Should you buy, sell, or hold Trent shares after announcing its Q3 results?
Alex Smith
6 days ago
Synopsis:- Shares rose nearly 3% after Q3FY26 results showed 15% YoY revenue growth to ₹5,345 crore and 36% QoQ profit jump to ₹510 crore. Brokerages remain divided, with targets ranging from ₹4,350 to ₹5,000, citing margin sustainability and weak like-for-like growth concerns.
The shares of the prominent retail company gained up to 3 percent in today’s trading session after the company reported positive Q3FY26 earnings, however, brokerages have mixed views.
With a market capitalization of Rs 1,45,101.09 crore, the shares of Trent Ltd were trading at Rs 4,075.45 per share, increasing around 2 percent as compared to the previous closing price of Rs 4,013.20 apiece.
Q3FY26 Highlights
The shares of Trent Ltd have seen significant movement after announcing its financial performance in Q3FY26, in which revenue increased by 15 percent on a year-on-year basis from Rs 4,657 crore in Q3FY25 to Rs 5,345 crore in Q3FY26. However, on a Quarter-on-Quarter basis, revenue increased by 11 percent from Rs 4,818 crore in Q2FY26 to Rs 5,345 crore in Q3FY26.
Moreover, net profit increased by 3 percent on a yearly basis from Rs 497 crore in Q3FY25 to Rs 510 crore in Q3FY26, meanwhile, on a quarter-on-quarter basis, net profit increased by 36 percent from Rs 373 crore in Q2FY26 to Rs 510 crore in Q3FY26.
The company continues to expand its retail footprint aggressively, now operating over 1,100 large-box fashion stores across 274 cities. During Q3FY26, it added 17 Westside and 48 Zudio stores, including one in the UAE. As of December 31, 2025, the portfolio comprised 278 Westside and 54 Zudio stores, spanning over 15 million sq. ft. across brands.
Management Comments
Chairman Noel N Tata highlighted that despite operating on a higher base, the fashion business delivered category-leading growth during the quarter. He noted improving customer sentiment and expressed confidence in the medium-term outlook. The company remains focused on portfolio expansion, product elevation, and enhancing store experiences while building a resilient, direct-to-customer model across segments.
In the Star business, own brands now contribute over 74% of revenues, reflecting stronger private-label traction. However, store expansion has been slower than expected, and management plans to accelerate growth ahead. While the food retail space remains highly competitive, the company is recalibrating its portfolio to build a future-ready and scalable business.
Brokerage comments
As per Bernstein, Trent’s margin improvement appears sustainable, and it has retained an “outperform” rating with a ₹5,000 target (upside of 22% from the current level of Rs 4,075). However, future stock outperformance will likely hinge on same-store sales growth, as employee cost leverage benefits have largely played out. The brokerage believes operational discipline remains intact despite recent volatility.

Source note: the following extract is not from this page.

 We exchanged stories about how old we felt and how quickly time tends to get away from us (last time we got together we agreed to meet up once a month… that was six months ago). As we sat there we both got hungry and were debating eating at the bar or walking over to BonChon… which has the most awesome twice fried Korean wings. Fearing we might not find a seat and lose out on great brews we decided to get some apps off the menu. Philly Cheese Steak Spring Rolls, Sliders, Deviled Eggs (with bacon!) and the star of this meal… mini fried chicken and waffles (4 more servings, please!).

However, Jefferies has maintained a “hold” rating with a ₹4,575 target, noting that quarterly revenue growth hit a multi-quarter low. While operating performance surprised positively, it prefers to stay cautious after the sharp correction, awaiting clearer signs of sustained demand recovery before turning constructive.
Additionally, Citi and Goldman Sachs remain guarded with targets of ₹4,350 and ₹4,530, respectively. Citi flagged risks to margin sustainability due to business mix changes, while Goldman highlighted negative like-for-like growth in Q3 as a concern for FY27–28 estimates, signaling potential pressure on growth visibility.
Trent Limited is a leading Indian retail company and part of the Tata Group, operating popular brands like Westside and Zudio. Focused on fashion and lifestyle retail, it has built a strong nationwide presence through large-format stores and a growing direct-to-customer business model.